A failure of atheist cheerleading

Apparently Miss Myers didn’t get the message that all books written by New Atheists are to be blindly defended, tooth and claw, rather than criticized for the flaws that are apparent to any intelligent reader. I was both impressed and vastly amused by her scathingly dismissive review of Sam Harris’s The Moral Landscape, as it was even harsher and more contemptuous than my own review of it.

So, to summarise:

1. Utilitarianism is right, but not any more justifiable than anything else. But who cares what other people think, anyway?

2. Because utilitarianism is right, we don’t have to be loopy post-modernists.

3. Science can tell us what makes us happy. Here’s a smattering of scientific studies about the brain.

Why in the hell do they give out book deals so easily? This book isn’t about convincing others, or providing novel ideas. It’s about pandering to atheists with very little knowledge of philosophy and ethics and an abundance of arrogance, telling them science is with them, and then reiterating how immoral people who like FGM and throwing acid in girls’ faces are and how we don’t have to listen to them because We Are Right. This is nothing but a convoluted rehashing of utilitarianism that still falls to the same old criticisms, and an immense waste of time unless you really like a good ignorant circlejerk.

It would certainly be interesting to see Miss Myers review Sam Harris’s two previous books, to say nothing of the other books I addressed in The Irrational Atheist, with the same skeptical eye. Regardless, it appears she will make a more challenging champion of atheism than her father ever has because she is willing to pay attention to the words as written and to think for herself rather than to simply parrot centuries-old talking points and froth at the mouth like some sort of performing bearded clown monkey.

It appears that I wasn’t the only one to notice the similarity in our conclusions concerning Harris’s book. Unbelievable, PZ’s daughter is the female version of Vox Day.

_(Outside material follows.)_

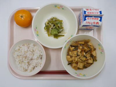 今日の給食は、麦ごはん、牛乳、マーボー豆腐、茎わかめの酢の物、冷凍みかんです。
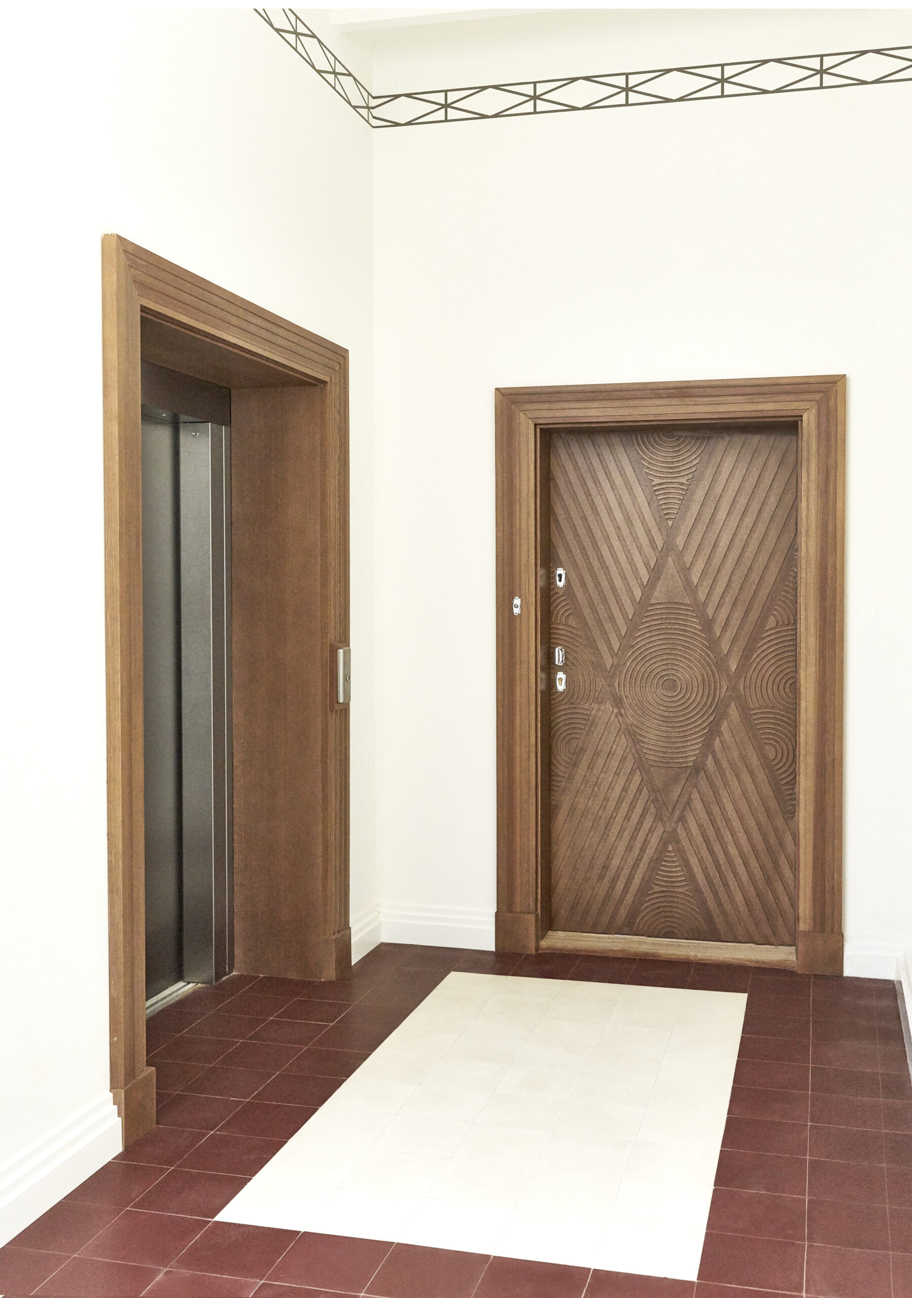 - geometryczne zdobienia drzwi do lokali oraz zdobienia klatek utrzymane w stylu epoki

What’s next? anti-feminism, repeal of women’s right to vote, border control and Austrian economics?

We can always hope that sweet reason will triumph, even if we harbor few expectations of it. And certainly, the intrinsic problem of utilitarian consequence pointed out by Miss Myers is not dissimilar to the famous Austrian explication of the impossibility of socialist price calculation. I must say, however, that she was perhaps a little unfair to Sam Harris in failing to give him credit for at least attempting to make a necessary case that so many other atheists have avoided, and in some cases, even claimed to be irrelevant. Ironically, given my past suspicions about him, Sam Harris may in some ways have turned out to be the most intellectually honest of the evangelical atheists. His blithely candid arguments are at least relevant, even if they reliably reveal his carelessness and inability to construct a valid argument on solid foundations.